The city of Surrey has increased its focus on education as a method to mitigate contamination.  One of their first initiatives was to identify specific neighborhoods with particularly poor sorting habits.  After gathering the data they were able to establish a door to door education program that targeted those specific neighborhoods in order to explain the different materials that should and should not be recycled as well as the impacts of contamination.  Currently, the city continues to identify specific households that do not adhere to the recycling guidelines and sends letters and pamphlets. If a specific household continues to be found in violation of proper recycling practices, they are temporarily barred from receiving the pick up service, and their garbage is left at the curb.  The solid waste manager at the City of Surrey, Harry Janda, reported that in 2017 on an average day, the City of Surrey issued 400 “no collection stickers” and “issued a significant number of education notices.” There are numerous tactics that a city can employ to improve recycling habits, and historically an effective education plan has been a core part of every successful city-wide initiative.  

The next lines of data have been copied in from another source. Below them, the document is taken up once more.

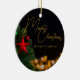 Ces magnifiques ornements de Noël Joyeux sont ornés d'écriture manuscrite dorée moderne sur des lumières scintillantes à côté d'un arbre de Noël festif décoré d'ornements rouges et verts. Customisez cet élégant cadeau de fête avec un script personnalisé sur le ciel noir de la nuit.
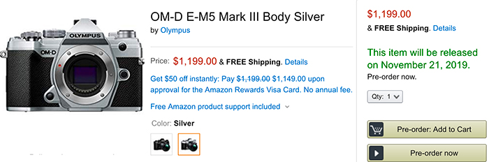 You can now preorder the new Olympus E-M5III at Amazon US too
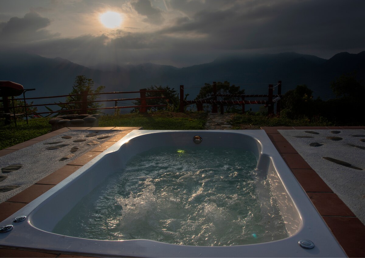 Relájate en esta acogedora cabaña rodeada por tierras cafeteras, de naturaleza y tranquilidad. Cuenta con cocina dotada, habitación con cama doble y TV, baño abierto natural, sala exterior, jacuzzi, malla catamarán y zona verde. Además, dispone de wifi de 300 MB ideal para trabajar remoto o mantenerte conectado durante tu estadía. También ofrecemos servicio de alimentación adicional. Perfecta para escapadas románticas, descansar o combinar trabajo y naturaleza lejos del ruido de la ciudad.
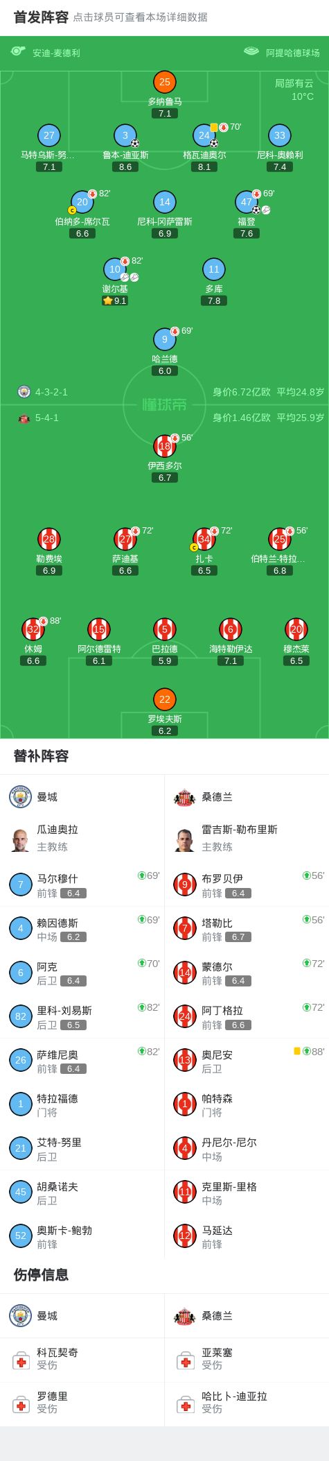 北京时间12月6日英超联赛 第15轮,曼城主场对阵桑德兰。上半场,鲁本-迪亚斯世界波破门,格瓦迪奥尔头球建功;下半场,谢尔基插花脚助攻福登头球破门锁定胜局。比赛尾声阶段,奥尼安凶狠放铲努内斯,主裁判观看VAR后出示红牌。最终曼城3-0桑德兰,积分榜落后阿森纳2分。关键事件
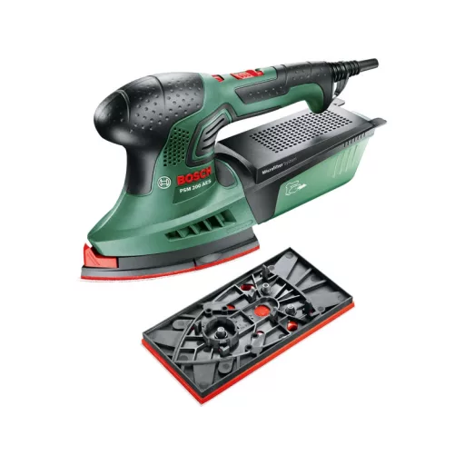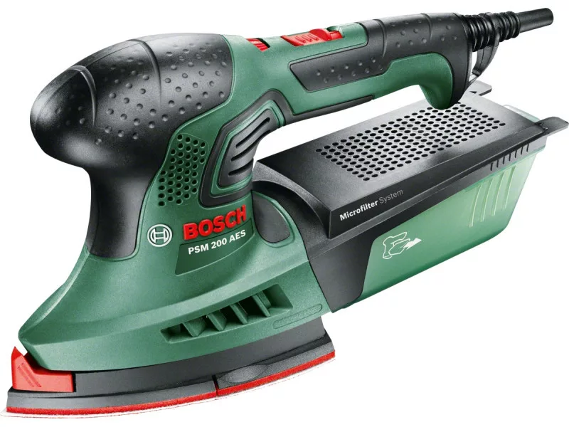 Mit diesem leistungsstarken Universalwerkzeug ist das Schleifen von mittleren und großen Flächen, Ecken und Kanten ein Kinderspiel. Der PSM 200 AES verfügt über eine dreieckige Schleifplatte für Arbeiten an engen Stellen und eine rechteckige Schleifplatte für größere Flächen. Dank des SDS-Systems ist ein schneller Wechsel der Schleifzubehörteile möglich. Dank der elektronischen Drehzahlvorwahl kann die Geschwindigkeit genau auf die jeweilige Aufgabe und das Material abgestimmt werden. Dieser Multischleifer kann auf Holz, lackierten und gestrichenen Flächen, Metall verwendet werden und eignet sich für Arbeiten an Möbeln, Türen und Rahmen, Treppen und Böden. Das Mikrofiltersystem reduziert den Staub.
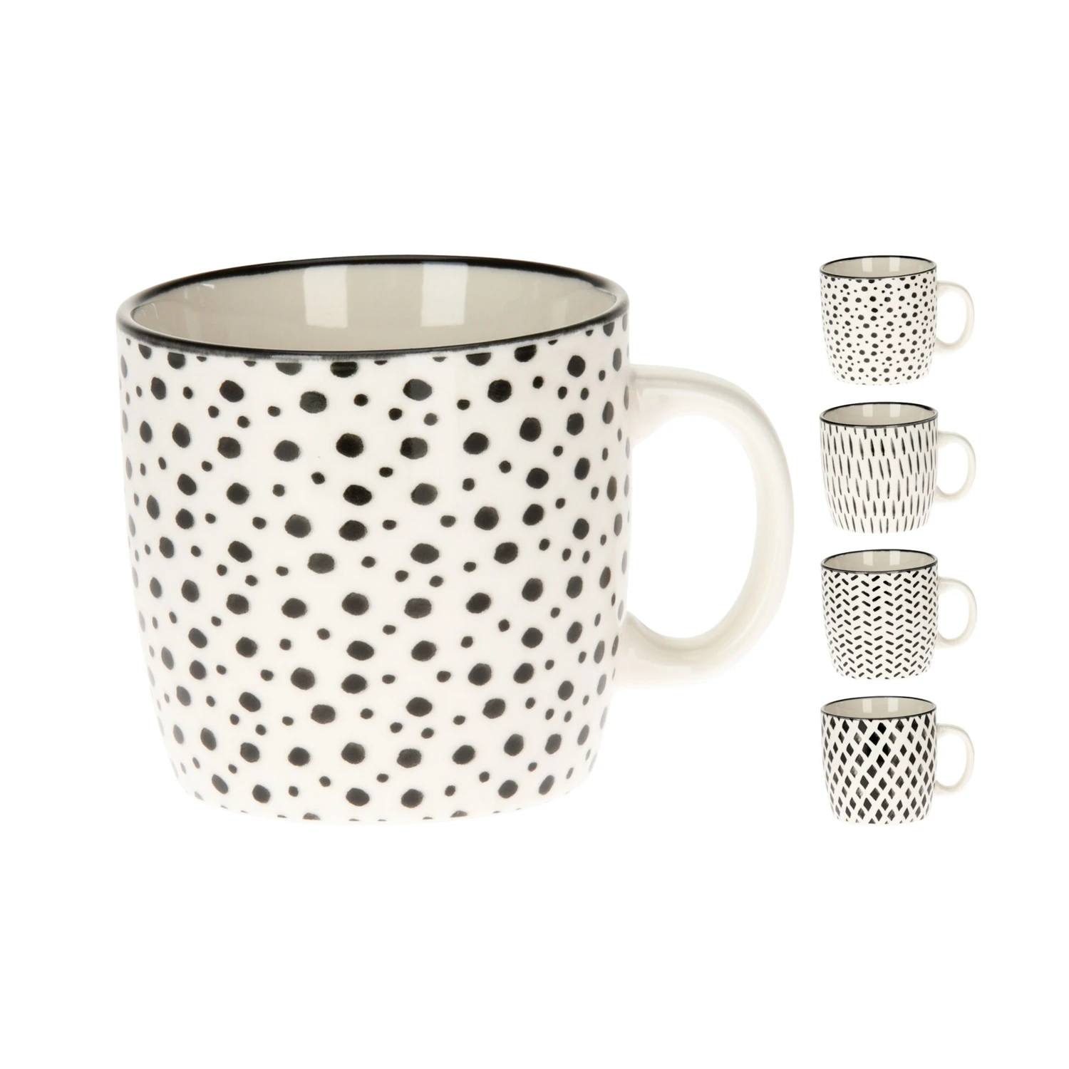 Jij drinkt je favoriete drankje stijlvol en comfortabel uit deze porseleinen mok met zwart-wit dessin! De mok heeft een mooie vorm, stevig handvat, en een inhoud van 200 ml. Let op: deze mok is verkrijgbaar met 4 verschillende dessins, vooraf is helaas niet te bepalen welke jij ontvangt.
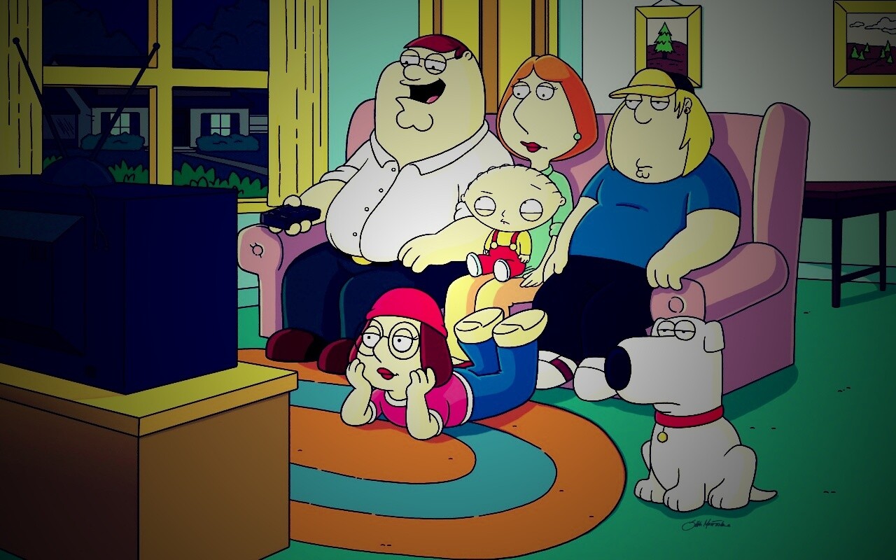 «Гриффины всей семьей перед телевизором»
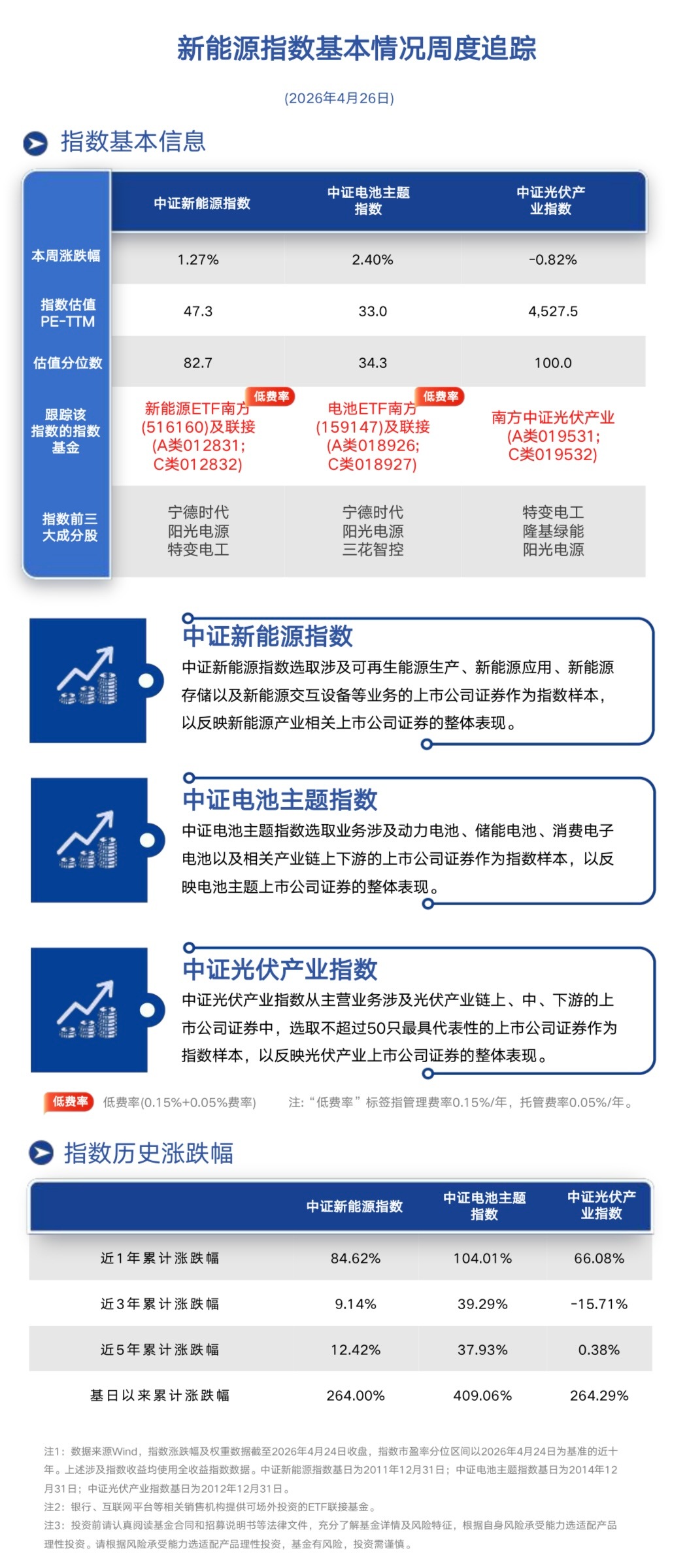 截至本周五收盘,新能源ETF南方(516160)跟踪标的中证新能源指数本周涨1.27%;电池ETF南方(159147)跟踪标的中证电池主题指数本周涨2.40%;南方中证光伏产业(019531)跟踪标的中证光伏产业指数本周跌0.82%。
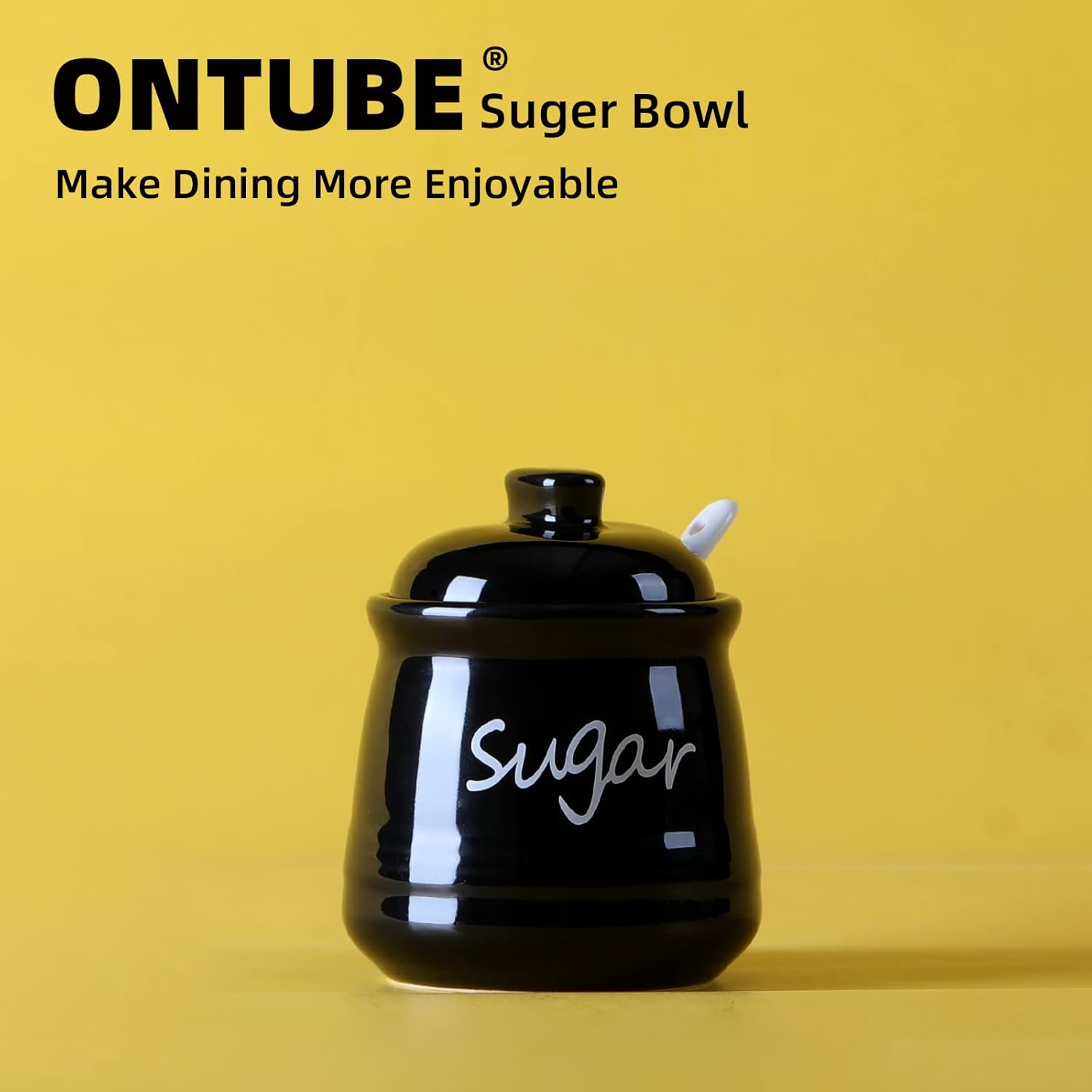 ONTUBE Ceramic Sugar Bowl with Lid and Spoon 12oz (Black)

The strides that have been taken to increase the effectiveness of recycling in certain cities demonstrates the impact that various programs and initiatives can have.  This is a promising result, and one that should not be taken lightly, especially in light of the changing economic market of recyclables. In 2017, China passed a ban on 24 types of imported waste.  This ban became effective as of January 2018, and the market has not yet reached a stabilized equilibrium. Before the ban, China had been the largest importer of waste for decades. According to the International Solid Waste association, in 2012 China imported 56% of global plastic exports, which amounted to almost 9 million metric tonnes of plastic.  In addition to the ban, China imposed new standards outlining the acceptable contamination within a given batch of recyclables. The new standards are much stricter and contaminated materials are now required to be limited to less than 0.5% of the batch. As a result, many Canadian cities have been forced to find alternative buyers for their recyclables.  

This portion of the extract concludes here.